Sohbete başladık hemen, ama dikkat ettim, Mine'nin gözü hep kiraz ağacında (lâtife ediyorum)
Biraz sonra bir telefon daha. Arayan arkadaşımız Eylems.
"Güler abla, Gönen'de bir işim vardı, sana uğramak istiyorum". Hemen gel dedim.
Sağolsun o da bizi kırmadı, geldi.
Böylece mini bir agaclar.net toplantısı daha yaptık bahçede.
İki gün Manyas'da çok yağmur yağmış. Güllerin çoğu çiçeklerini dökmüş, ama manzara yine de fena değildi.

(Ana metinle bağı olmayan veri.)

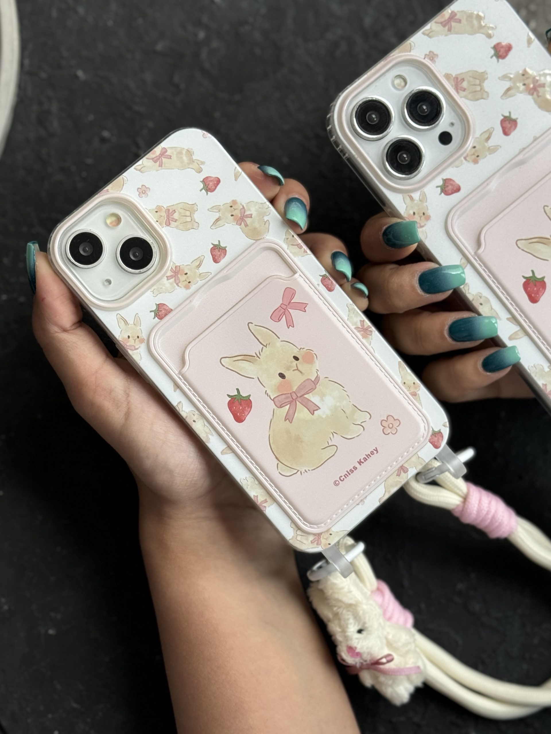 قاب موبایل آیفون خرگوش توت فرنگی پاپیون آویز و بند عروسکی

Biraz güllerle eğlendik, sebzelere ağaçlara baktık.
Eylems ile Mine bir ara çocukluklarını hatırladılar, hemen salıncaklara koşup, sallandılar.
Kiraz ve dut ağaçları da çok hoşlarına gitti. Hele Mine'yi kiraz ağacının yanından ayırmak için vinç gerekti (!)
Daha sonra kaynar başına indik, sulara daldık hemen. Kaynar suyu buz gibiydi, Mine önce tereddüt etti ama baktı ki Eylems, ben ve Lilium hemen paçaları sıvayıp girdik, o da dayanamadı.
Güzel bir alabalık yedik ve çaylarımızı içmeye, bahçeye güllü kameriyeye döndük.
Patates böreği eşliğinde, çaylarımızı içtik.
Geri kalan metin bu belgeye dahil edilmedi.